- Genre: Art festival
- Date: October
- Frequency: annual
- Locations: Sarajevo, Bosnia and Herzegovina
- Years active: 2012 - present
- Area: Bosnia and Herzegovina

= SOS Design Festival =

The SOS Design Festival is an annual graphics and product design festival held in Sarajevo, Bosnia and Herzegovina. It was established by the Academy of Fine Arts in cooperation with the National Gallery of Bosnia and Herzegovina and the International Council of Design. It is primarily an educational platform, while also being as an exhibitory event that was originally conceived by the students of the Department of Graphic and Product design of the Academy of Fine Arts in Sarajevo.

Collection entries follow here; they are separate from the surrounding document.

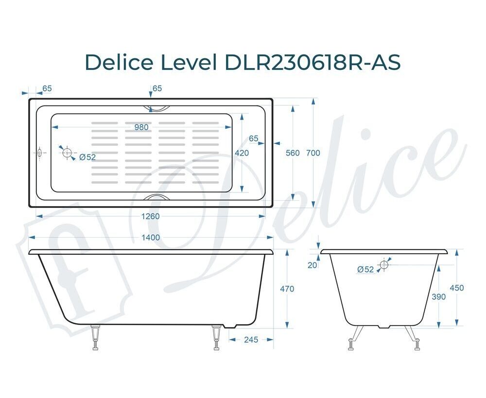 Для установки используются фирменные ножки Delice, которые имеют надежное и прочное крепление, обеспечивают высокую устойчивость ванны и регулируются по высоте. Высота на ножках варьируется от 58 до 62.5 см. Ножки выполнены из высокопрочного чугуна марки СЧ25, который выдерживает большие нагрузки. С помощью регулировки можно нивелировать геометрические отклонения пола, стен и углов в ванной комнате. Для модели Level подходит комплект ножек для серии Elite - артикул DLR000002.
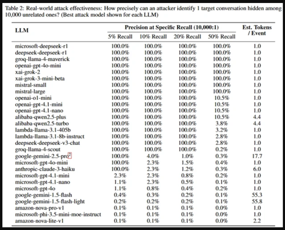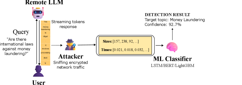 Modelele Alibaba, DeepSeek, Mistral, Microsoft GPT sau OpenAI dau în vileag aproape complet subiectul conversației și un atacator care are posibilitatea de a monitoriza rețeaua poate identifica corect anumite chestii de care ar fi interesat. Cred că trebuie să specific că în cazul de față, vorbim de atacatori care au posibilitatea fizică și financiară să execute astfel de atacuri, în speță guverne, dar nu exlud nici organizații criminale bine organizate.
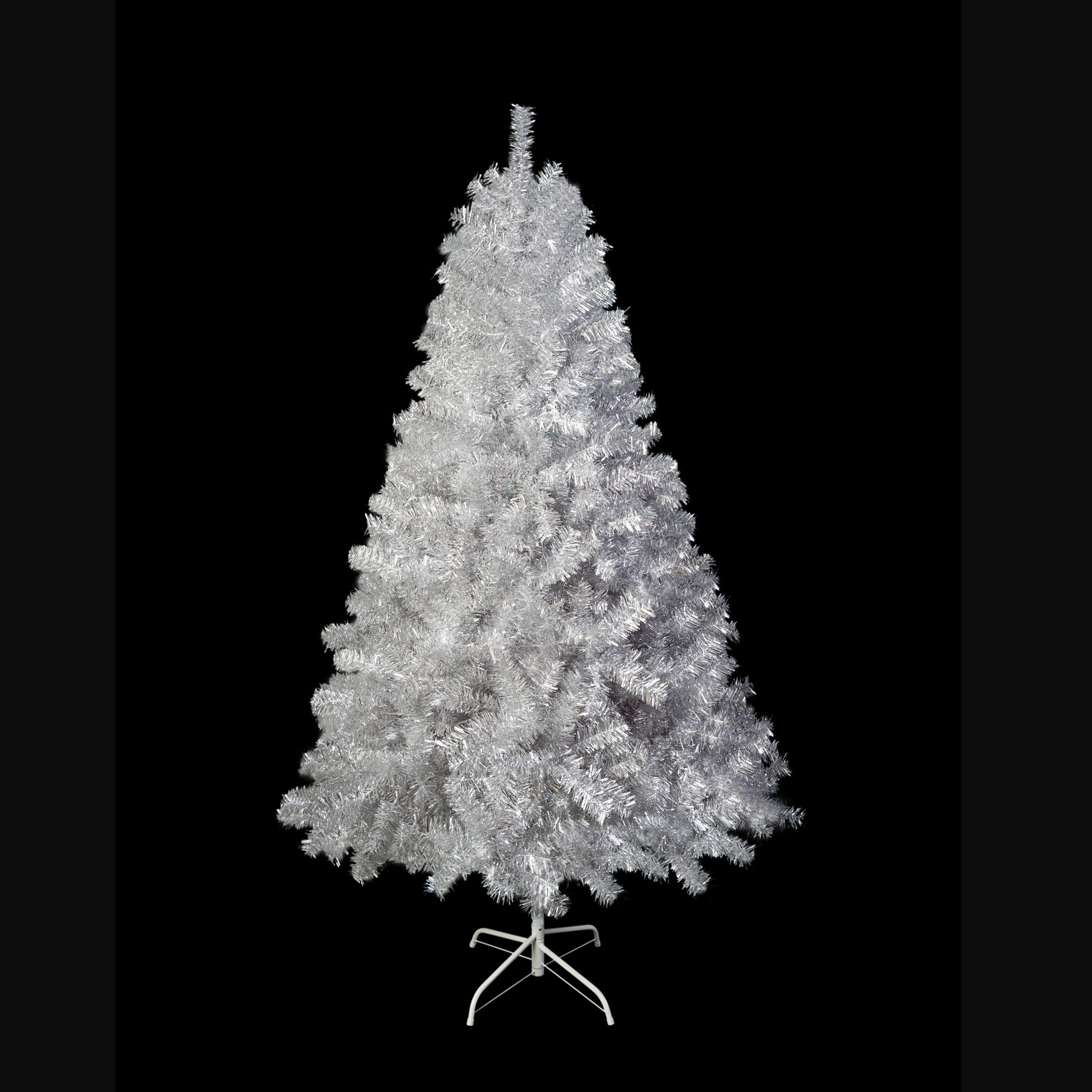 6FT Sliver Pre-Lit Artificial Christmas Tree, Hinged Full Tree with Metal Stand, 800 Branch Tips, 300 LED Lights,11 Lighting Modes, Holiday Decoration Tree for Indoor and Outdoor
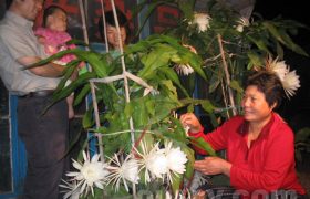 同生农家不同龄 两株昙花同时开, 9月15日子时,在昌邑市都昌街道徐逄社区

It is the largest student product design festival in the Balkans and consists of lectures, workshops, exhibitions, book promotions and PechaKucha Nights, providing an opportunity for students of design and related fields from Bosnia and Herzegovina and other former Yugoslav countries to acquaint themselves with knowledge, new methods, trends and works of leading modern designers. It also provides a new form of supplementary education to students and professionals in the field of design and encourages the development and promotion of design in the former Yugoslavia.

The festival lasts for five days and hosts numerous international guests, speakers, lecturers and artists. Guests have included Milton Glaser, Ian Anderson, Dick Bruna, April Greiman, Peter Saville, Roberto Baldazzini, Mirko Ilić, Oscar Mariné and others.